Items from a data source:

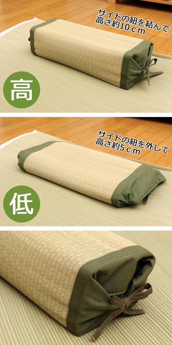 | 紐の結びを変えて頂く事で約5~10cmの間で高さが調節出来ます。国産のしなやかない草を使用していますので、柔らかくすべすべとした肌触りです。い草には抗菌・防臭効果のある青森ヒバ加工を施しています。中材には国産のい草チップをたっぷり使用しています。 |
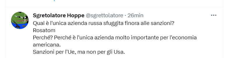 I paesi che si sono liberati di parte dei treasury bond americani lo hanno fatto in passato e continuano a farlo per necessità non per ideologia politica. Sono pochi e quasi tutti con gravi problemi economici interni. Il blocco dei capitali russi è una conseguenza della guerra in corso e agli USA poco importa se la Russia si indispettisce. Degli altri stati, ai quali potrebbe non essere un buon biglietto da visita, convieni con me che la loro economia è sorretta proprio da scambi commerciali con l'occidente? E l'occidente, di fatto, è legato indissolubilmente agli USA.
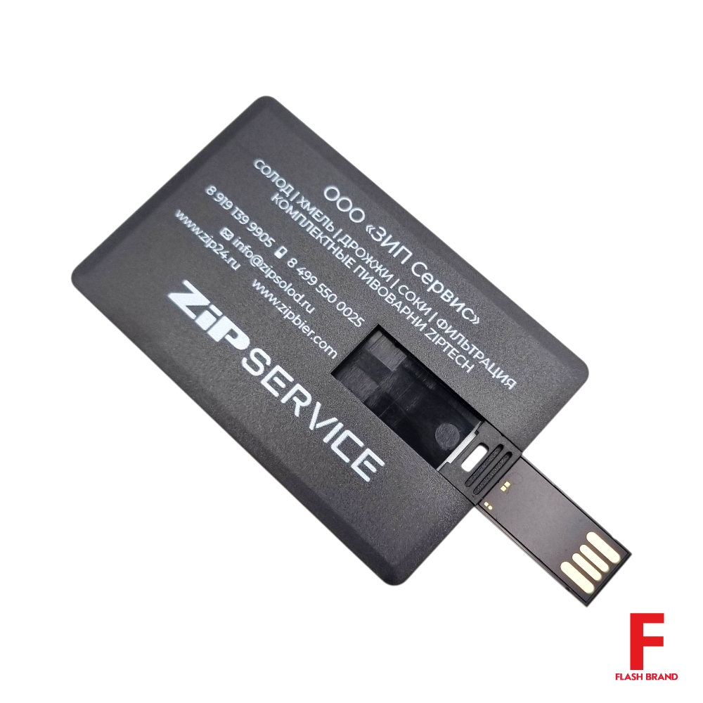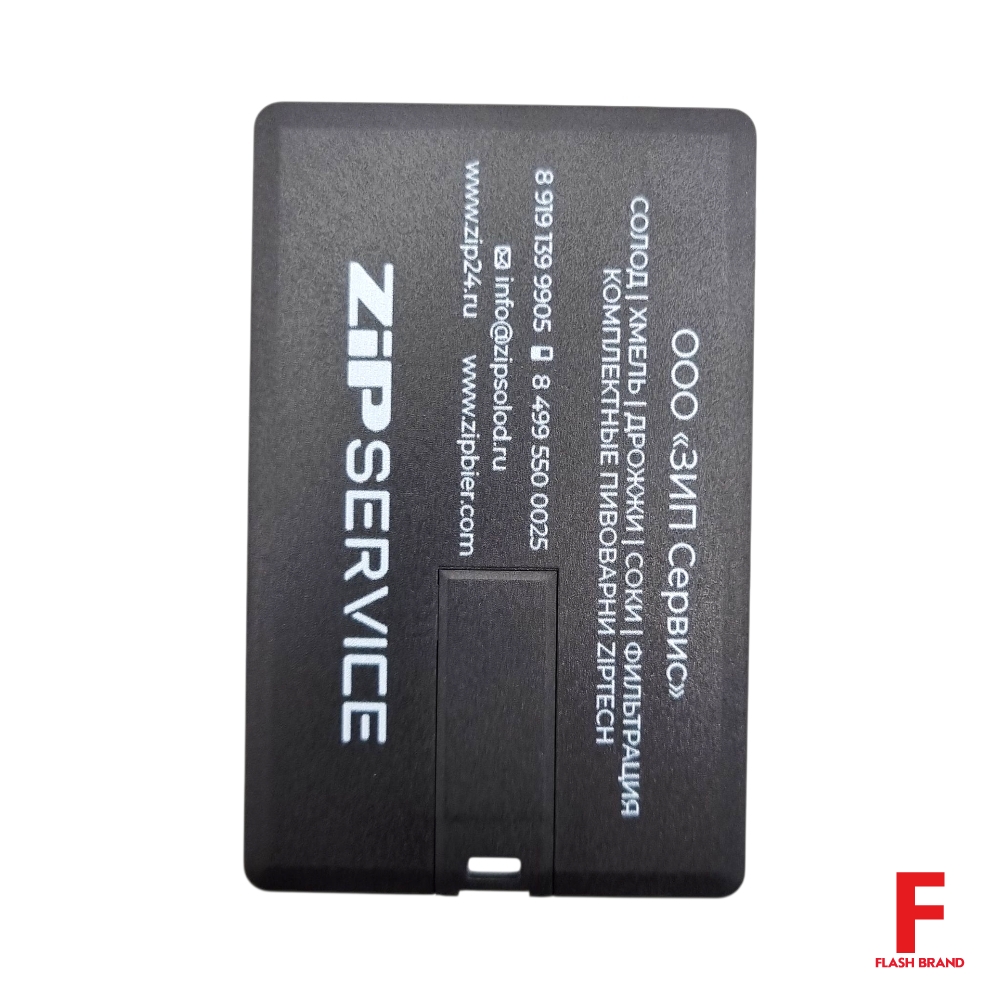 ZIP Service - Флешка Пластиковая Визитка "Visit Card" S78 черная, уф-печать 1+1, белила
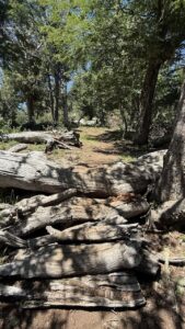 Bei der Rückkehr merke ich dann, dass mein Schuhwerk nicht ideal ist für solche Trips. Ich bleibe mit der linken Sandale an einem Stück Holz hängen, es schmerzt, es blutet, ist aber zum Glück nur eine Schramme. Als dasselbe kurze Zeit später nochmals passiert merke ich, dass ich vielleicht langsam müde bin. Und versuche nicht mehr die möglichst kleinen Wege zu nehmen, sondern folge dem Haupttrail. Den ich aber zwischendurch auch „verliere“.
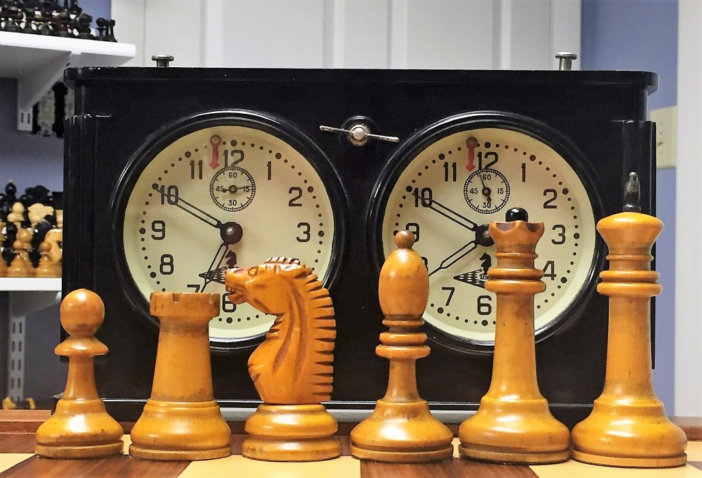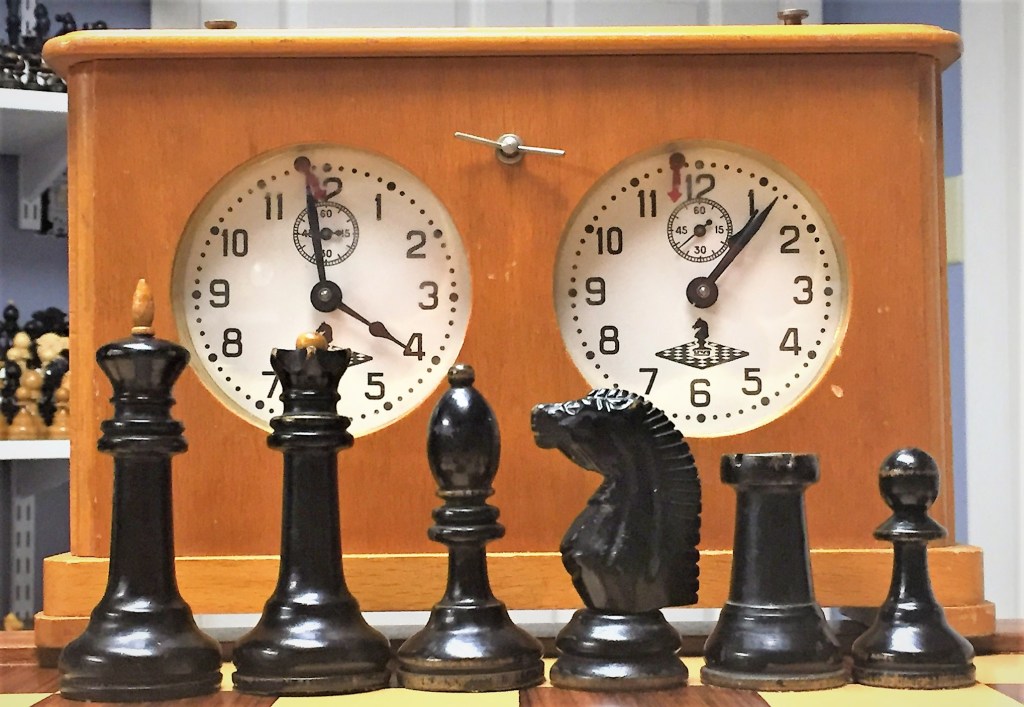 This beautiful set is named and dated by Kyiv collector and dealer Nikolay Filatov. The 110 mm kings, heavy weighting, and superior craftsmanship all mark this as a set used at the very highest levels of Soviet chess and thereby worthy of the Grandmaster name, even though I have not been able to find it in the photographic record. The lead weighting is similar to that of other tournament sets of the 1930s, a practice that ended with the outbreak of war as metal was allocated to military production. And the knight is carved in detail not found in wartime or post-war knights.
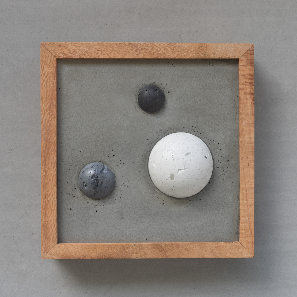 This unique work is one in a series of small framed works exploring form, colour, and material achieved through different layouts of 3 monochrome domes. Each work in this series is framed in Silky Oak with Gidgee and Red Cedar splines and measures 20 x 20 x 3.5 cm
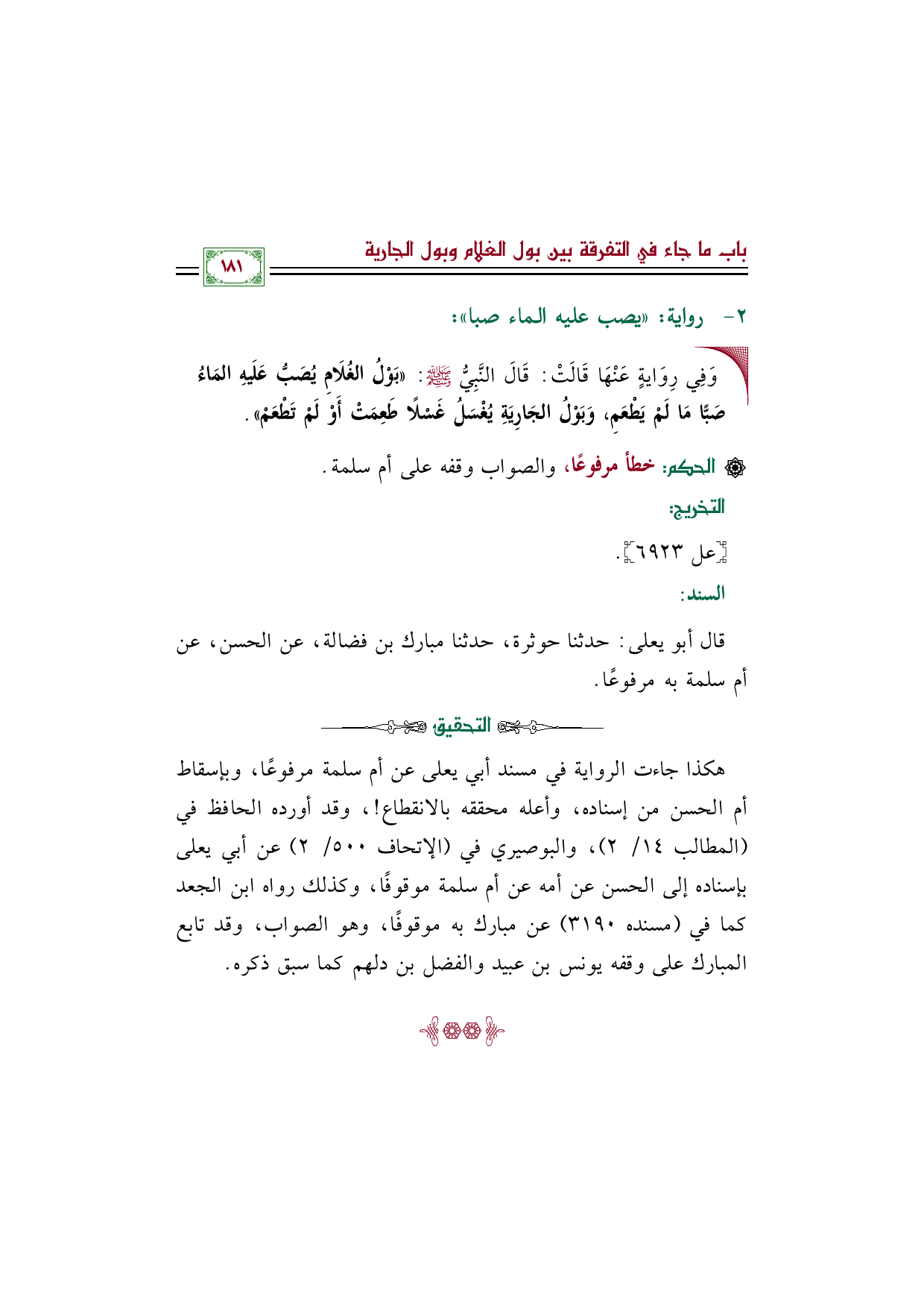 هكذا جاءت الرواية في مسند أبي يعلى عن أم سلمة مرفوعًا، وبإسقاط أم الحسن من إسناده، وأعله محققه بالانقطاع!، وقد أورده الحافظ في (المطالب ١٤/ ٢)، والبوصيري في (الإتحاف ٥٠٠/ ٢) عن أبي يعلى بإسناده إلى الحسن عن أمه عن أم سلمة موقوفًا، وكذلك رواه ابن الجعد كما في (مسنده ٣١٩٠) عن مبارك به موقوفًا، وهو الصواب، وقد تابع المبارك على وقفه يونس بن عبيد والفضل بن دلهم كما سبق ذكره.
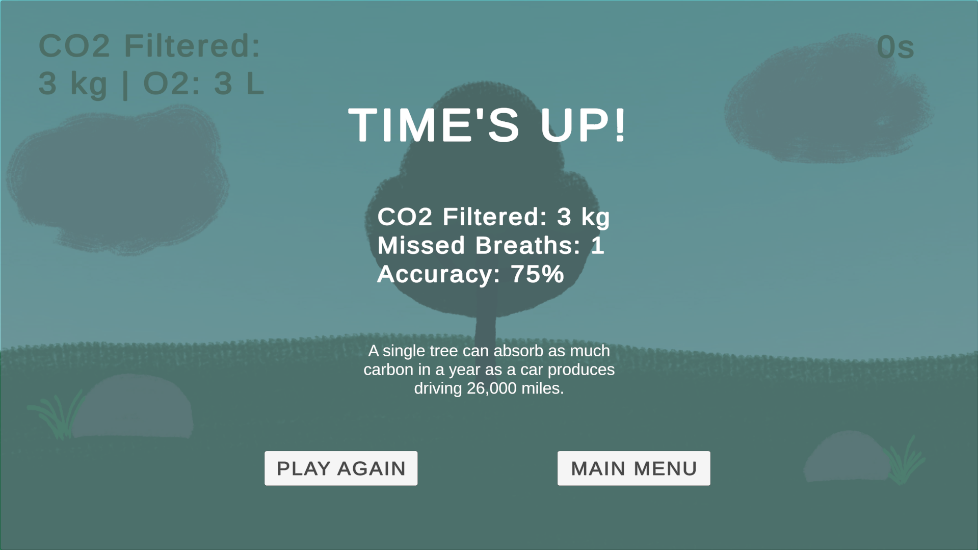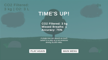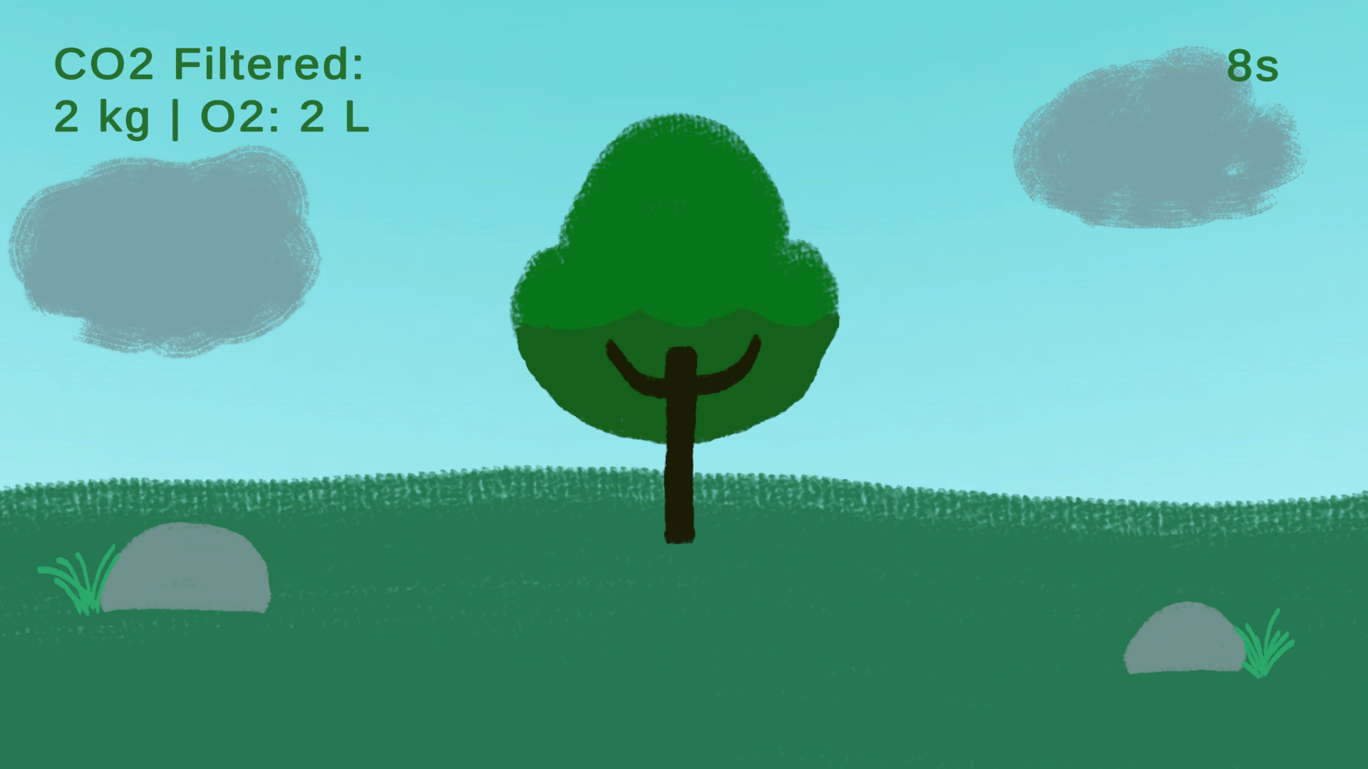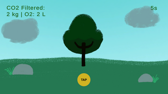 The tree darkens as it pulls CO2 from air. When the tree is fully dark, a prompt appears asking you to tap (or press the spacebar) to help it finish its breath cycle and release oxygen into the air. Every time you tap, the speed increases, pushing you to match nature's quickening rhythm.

**DIRECTIONS FOR THIS TASK**
Write out the data above in full and exactly, but not the pictures.

**SOLVED PROBLEM**
 | 紐の結びを変えて頂く事で約5~10cmの間で高さが調節出来ます。国産のしなやかない草を使用していますので、柔らかくすべすべとした肌触りです。い草には抗菌・防臭効果のある青森ヒバ加工を施しています。中材には国産のい草チップをたっぷり使用しています。 |
 I paesi che si sono liberati di parte dei treasury bond americani lo hanno fatto in passato e continuano a farlo per necessità non per ideologia politica. Sono pochi e quasi tutti con gravi problemi economici interni. Il blocco dei capitali russi è una conseguenza della guerra in corso e agli USA poco importa se la Russia si indispettisce. Degli altri stati, ai quali potrebbe non essere un buon biglietto da visita, convieni con me che la loro economia è sorretta proprio da scambi commerciali con l'occidente? E l'occidente, di fatto, è legato indissolubilmente agli USA.
 ZIP Service - Флешка Пластиковая Визитка "Visit Card" S78 черная, уф-печать 1+1, белила
 Bei der Rückkehr merke ich dann, dass mein Schuhwerk nicht ideal ist für solche Trips. Ich bleibe mit der linken Sandale an einem Stück Holz hängen, es schmerzt, es blutet, ist aber zum Glück nur eine Schramme. Als dasselbe kurze Zeit später nochmals passiert merke ich, dass ich vielleicht langsam müde bin. Und versuche nicht mehr die möglichst kleinen Wege zu nehmen, sondern folge dem Haupttrail. Den ich aber zwischendurch auch „verliere“.
 This beautiful set is named and dated by Kyiv collector and dealer Nikolay Filatov. The 110 mm kings, heavy weighting, and superior craftsmanship all mark this as a set used at the very highest levels of Soviet chess and thereby worthy of the Grandmaster name, even though I have not been able to find it in the photographic record. The lead weighting is similar to that of other tournament sets of the 1930s, a practice that ended with the outbreak of war as metal was allocated to military production. And the knight is carved in detail not found in wartime or post-war knights.
 This unique work is one in a series of small framed works exploring form, colour, and material achieved through different layouts of 3 monochrome domes. Each work in this series is framed in Silky Oak with Gidgee and Red Cedar splines and measures 20 x 20 x 3.5 cm
 هكذا جاءت الرواية في مسند أبي يعلى عن أم سلمة مرفوعًا، وبإسقاط أم الحسن من إسناده، وأعله محققه بالانقطاع!، وقد أورده الحافظ في (المطالب ١٤/ ٢)، والبوصيري في (الإتحاف ٥٠٠/ ٢) عن أبي يعلى بإسناده إلى الحسن عن أمه عن أم سلمة موقوفًا، وكذلك رواه ابن الجعد كما في (مسنده ٣١٩٠) عن مبارك به موقوفًا، وهو الصواب، وقد تابع المبارك على وقفه يونس بن عبيد والفضل بن دلهم كما سبق ذكره.
 The tree darkens as it pulls CO2 from air. When the tree is fully dark, a prompt appears asking you to tap (or press the spacebar) to help it finish its breath cycle and release oxygen into the air. Every time you tap, the speed increases, pushing you to match nature's quickening rhythm.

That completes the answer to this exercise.